Positive and Negative TAF sub(II) Functions That Suggest a Dynamic TFIID Structure and Elicit Synergy with TRAPs in Activator-Induced Transcription

• Published in: Molecular and cellular biology Vol. 21; no. 20; pp. 6882 - 6894
• Main Authors: Guermah, M, Tao, Y, Roeder, R G
• Format: Journal Article
• Language: English
• Published: 01.10.2001
• Subjects: histone H2A; histone H2B; TAFII135 protein; TAFII150 protein; TAFII20 protein; TFIID protein
• ISSN: 0270-7306
• DOI: 10.1128/MCB.21.20.6882-6894.2001

Human transcription factor TFIID contains the TATA-binding protein (TBP) and several TBP-associated factors (TAF sub(II)s).
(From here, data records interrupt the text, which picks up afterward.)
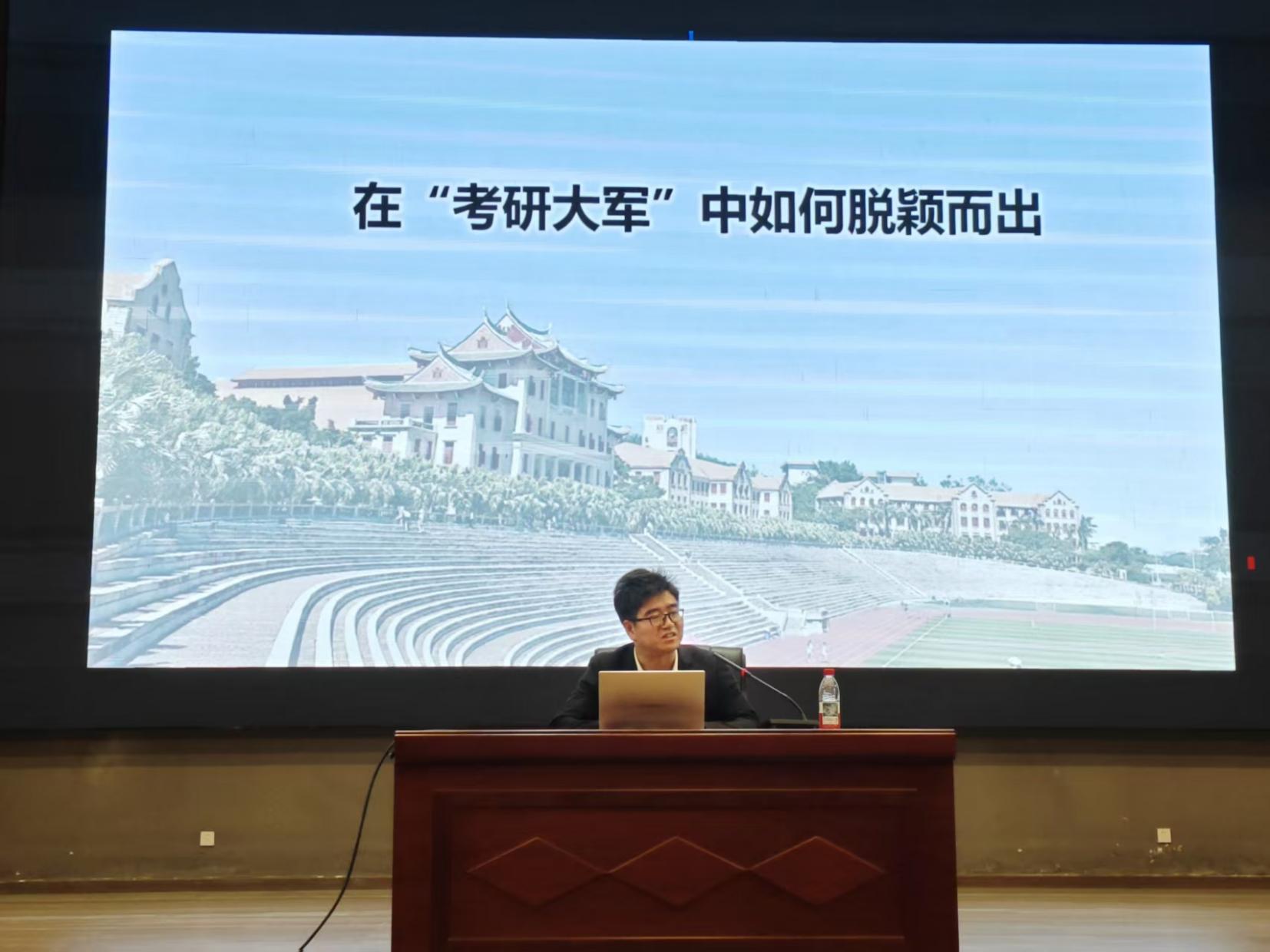 尚道文书记以“锐意进取,不懈奋斗”为主题,结合当前国家发展形势与高等教育变革,强调了新时代老员工肩负的责任与使命。并通过列举公司优秀员工的成长历程,激励同学们树立远大目标。姚云贵博士以“考研形势分析与备考策略”为题,为员工们带来一场深入浅出的考研指导讲座,鼓励员工“在奋斗的年纪拒绝安逸,以青春之我奉献国家”。
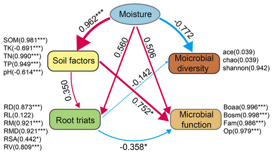 Structural equation modeling of microbial diversity and functioning. The model revealed indirect effects of moisture status on herbaceous plant root traits and soil microbial functions through soil factors such as soil organic matter—SOM, total nitrogen—TN, total phosphorus—TP, and pH, as well as direct and indirect causal relationships between these factors (model goodness-of-fit—GOF = 0.77). One-way arrows indicate the proposed causal relationships, and path coefficients indicate the strength of these relationships; positive correlations are indicated by red arrows and negative correlations by blue-colored arrows, with the width of the arrow corresponding to the strength of the relationship. In the model, SOM, TN, TP, TK, and pH were the key soil factors affecting plant root traits and microbial function; plant root traits had a significant positive effect on microbial function, and moisture status also directly affected microbial function significantly and positively. (*: p < 0.05, ***: p < 0.001.)
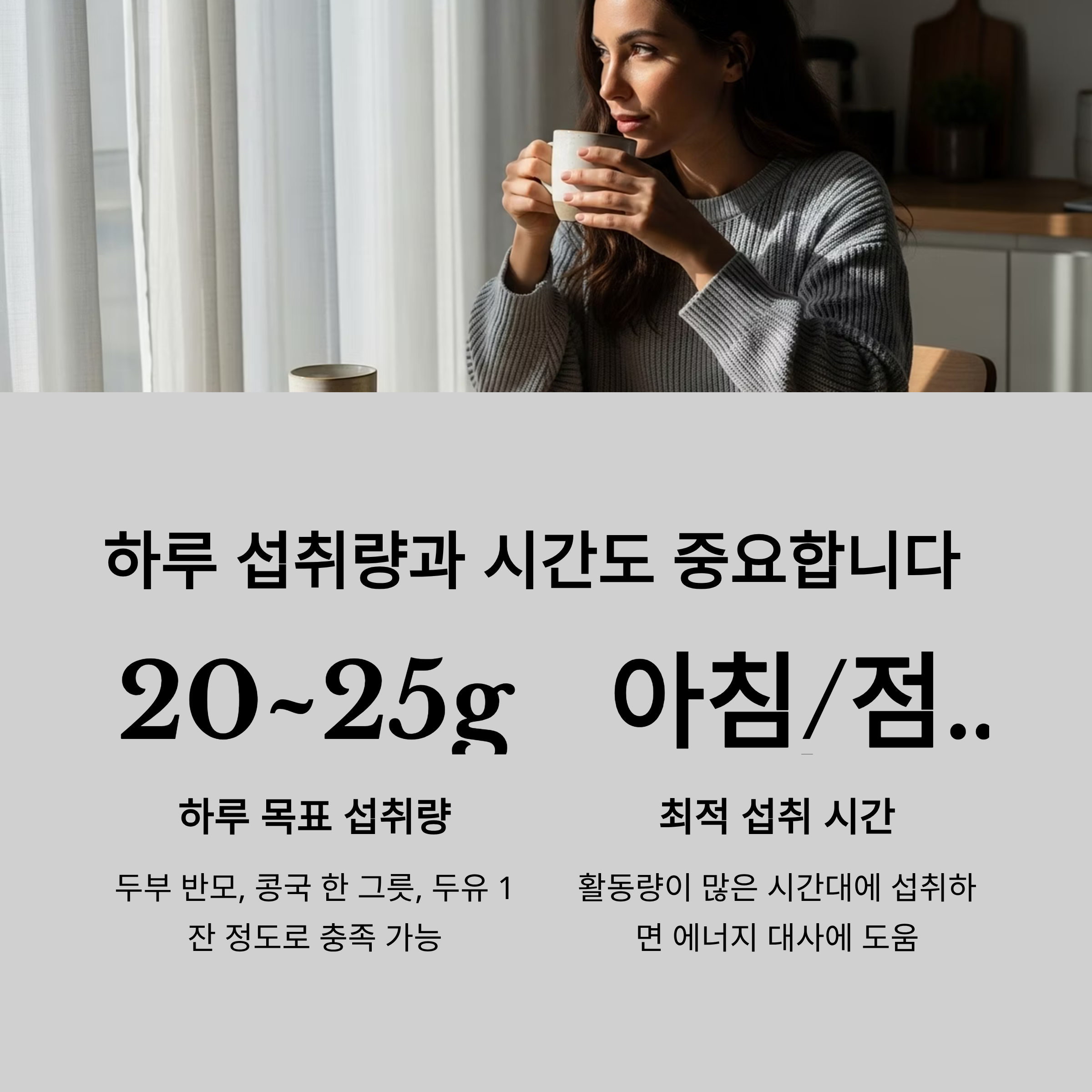 콩 단백질은 하루 20g~25g 정도를 목표로 섭취하는 것이 좋습니다.
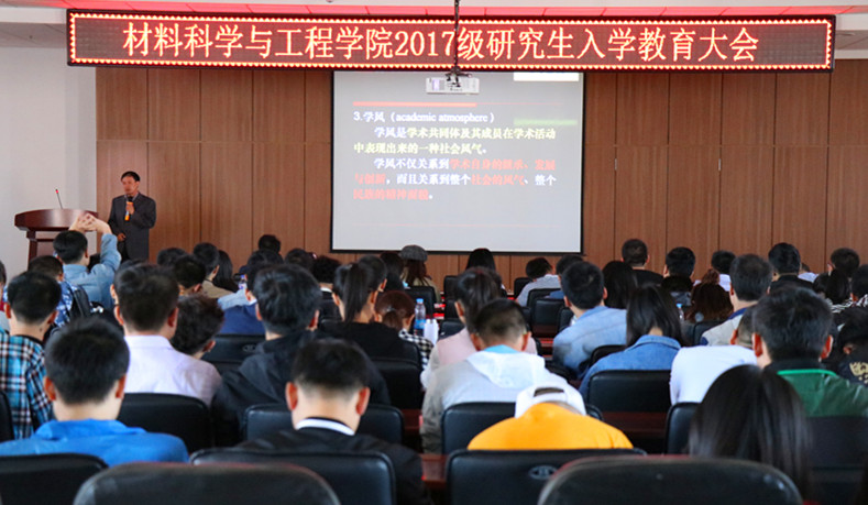 研究生科学道德和学风教育工作实施办法》(校研院字〔2014〕47号)精神及相关要求,加强研究生科学道德和学风教育工作,我院于2017年8月29日上午9:00在逸夫机械材料馆八楼报告厅对全体2017级博士、硕士研究生进行了科学道德与学风教育会议。材料学院党委副书记曲贵文、副院长朱永福、研究生办公室秘书刘徽出席会议。会议由黄色影片
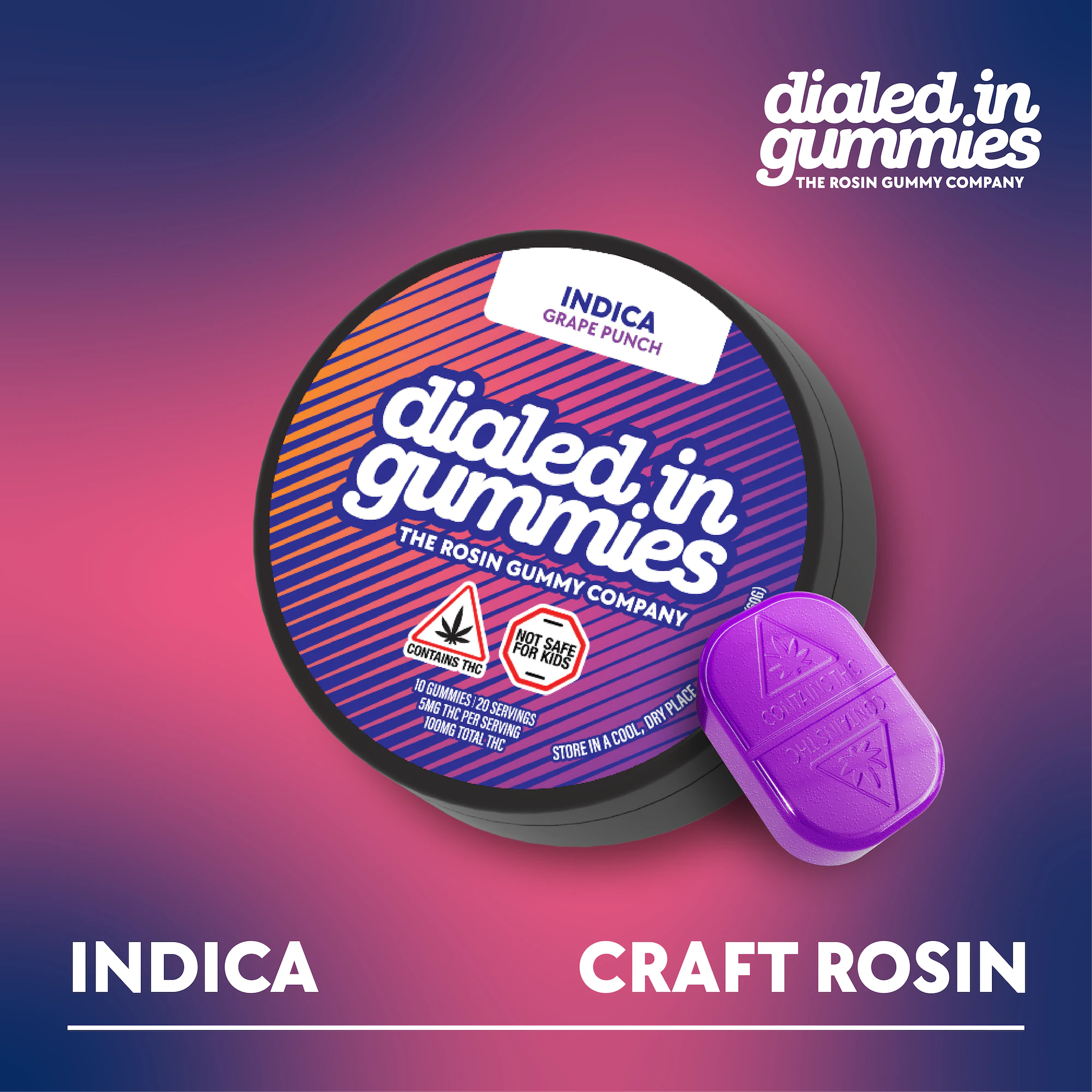 Grape Punch 100 mg Rosin Gummies by Dialed In Gummies typically come in a package containing multiple individual pieces, allowing for flexible dosing. The live rosin used in these gummies is sourced from select cannabis flower and infused using a careful process designed to retain natural terpenes and maximize flavor and effects. As with all edibles, it’s recommended to start with a low dose and wait to gauge effects before consuming more.

To elucidate the structural organization and function of TFIID, we expressed and characterized the product of a cloned cDNA encoding human TAF sub(II)135 (hTAF sub(II)135). Comparative far Western blots have shown that hTAF sub(II)135 interacts strongly with hTAF sub(II)20, moderately with hTAF sub(II)150, and weakly with hTAF sub(II)43 and hTAF sub(II)250. Consistent with these observations and with sequence relationships of hTAF sub(II)20 and hTAF sub(II)135 to histones H2B and H2A, respectively, TFIID preparations that contain higher levels of hTAF sub(II)135 also contain higher levels of hTAF sub(II)20, and the interaction between hTAF sub(II)20 and hTAF sub(II)135 is critical for human TFIID assembly in vitro. From a functional standpoint, hTAF sub(II)135 has been found to interact strongly and directly with hTFIIA and (within a complex that also contains hTBP and hTAF sub(II)250) to specifically cooperate with TFIIA to relieve TAF sub(II)250-mediated repression of TBP binding and function on core promoters. Finally, we report a functional synergism between TAF sub(II)s and the TRAP/Mediator complex in activated transcription, manifested as hTAF sub(II)-mediated inhibition of basal transcription and a consequent TRAP requirement for both a high absolute level of activated transcription and a high and more physiological activated/basal transcription ratio. These results suggest a dynamic TFIID structure in which the switch from a basal hTAF sub(II)-enhanced repression state to an activator-mediated activated state on a promoter may be mediated in part through activator or coactivator interactions with hTAF sub(II)135.